Once again, you can use SGD to minimize this loss function.

## Kernels

Once in a while, you might hear someone mention kernel SVMs. Without getting too deep into it, kernels allow a linear separator to take samples from an original space that is not linearly separable, and embed them into a space where the samples are linearly separable.

## Example with Scikit-Learn

In [None]:
import numpy as np
import matplotlib.pyplot as plt
from sklearn import svm, datasets

# import some data to play with
iris = datasets.load_iris()
X = iris.data[:, :2]  # we only take the first two features. We could
                      # avoid this ugly slicing by using a two-dim dataset
y = iris.target

In [None]:
h = .02  # step size in the mesh

# we create an instance of SVM and fit out data. We do not scale our
# data since we want to plot the support vectors
C = 1.0  # SVM regularization parameter
svc = svm.SVC(kernel='linear', C=C).fit(X, y)
rbf_svc = svm.SVC(kernel='rbf', gamma=0.7, C=C).fit(X, y)
poly_svc = svm.SVC(kernel='poly', degree=3, C=C).fit(X, y)
lin_svc = svm.LinearSVC(C=C).fit(X, y)

# create a mesh to plot in
x_min, x_max = X[:, 0].min() - 1, X[:, 0].max() + 1
y_min, y_max = X[:, 1].min() - 1, X[:, 1].max() + 1
xx, yy = np.meshgrid(np.arange(x_min, x_max, h),
                     np.arange(y_min, y_max, h))

# title for the plots
titles = ['SVC with linear kernel',
          'LinearSVC (linear kernel)',
          'SVC with RBF kernel',
          'SVC with polynomial (degree 3) kernel']

In [None]:
# Way to change sizes of plots
# http://stackoverflow.com/a/332311/2014591
from pylab import rcParams
rcParams['figure.figsize'] = 10, 10

In [None]:

num_zeros = len(y[y == 0])
num_ones = len(y[y == 1])
num_twos = len(y[y == 2])

colors= "".join(["b"] * num_zeros + ["r"] * num_ones + ["y"] * num_twos)

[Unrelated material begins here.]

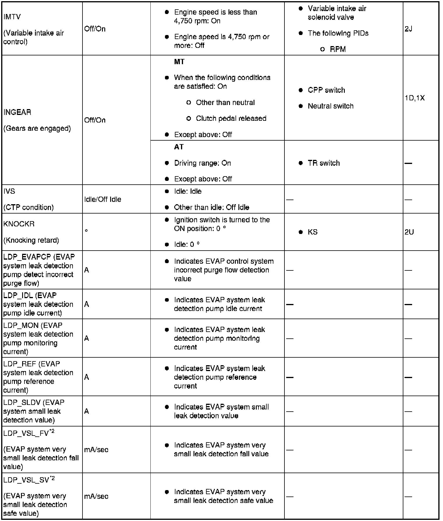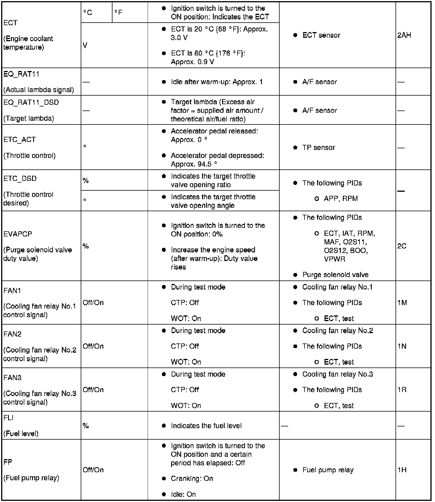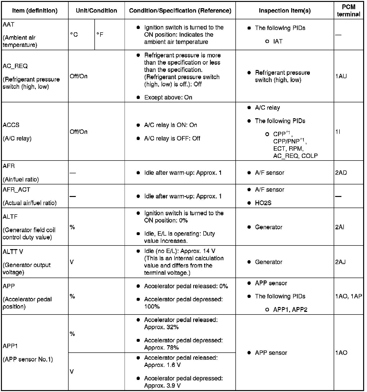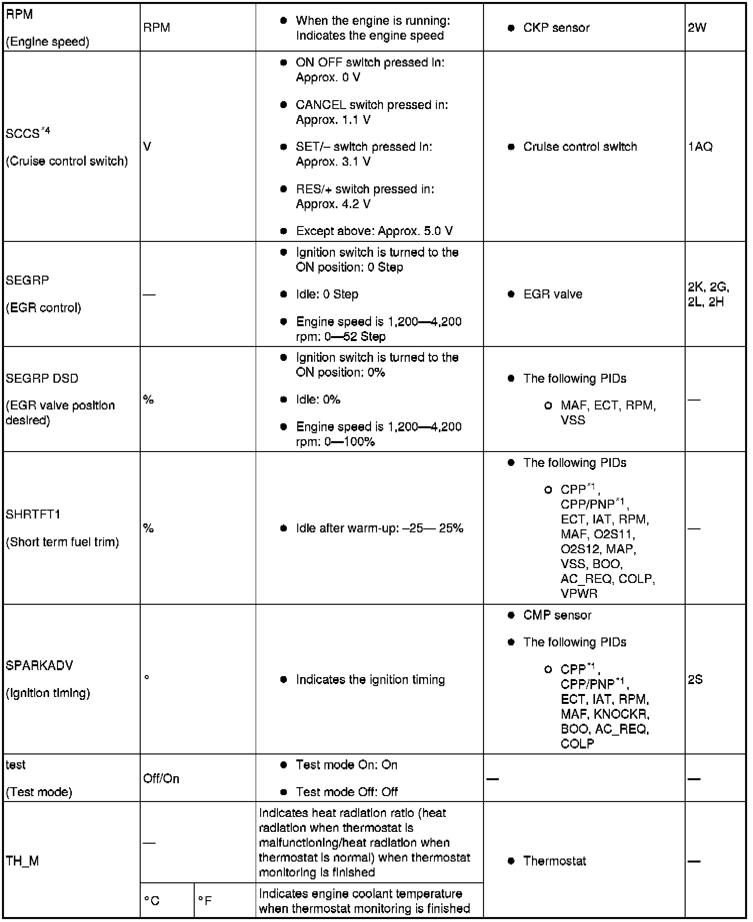 Home >> Mazda >> 2009 >> MX-5 Miata L4-2.0L >> Repair and Diagnosis >> Relays and Modules >> Relays and Modules - Powertrain Management >> Relays and Modules - Computers and Control Systems >> Engine Control Module >> Testing and Inspection >> Pinout Values and Diagnostic Parameters >> PID/Data Monitor Tables

for i, clf in enumerate((svc, lin_svc, rbf_svc, poly_svc)):
    # Plot the decision boundary. For that, we will assign a color to each
    # point in the mesh [x_min, m_max]x[y_min, y_max].
    plt.subplot(2, 2, i + 1)
    plt.subplots_adjust(wspace=0.4, hspace=0.4)

    Z = clf.predict(np.c_[xx.ravel(), yy.ravel()])

    # Put the result into a color plot
    Z = Z.reshape(xx.shape)
    plt.contourf(xx, yy, Z, cmap=plt.cm.Paired, alpha=0.8)

    # Plot also the training points
    plt.scatter(X[:, 0], X[:, 1], c=colors, cmap=plt.cm.Paired)
    plt.xlabel('Sepal length')
    plt.ylabel('Sepal width')
    plt.xlim(xx.min(), xx.max())
    plt.ylim(yy.min(), yy.max())
    plt.xticks(())
    plt.yticks(())
    plt.title(titles[i])

plt.show()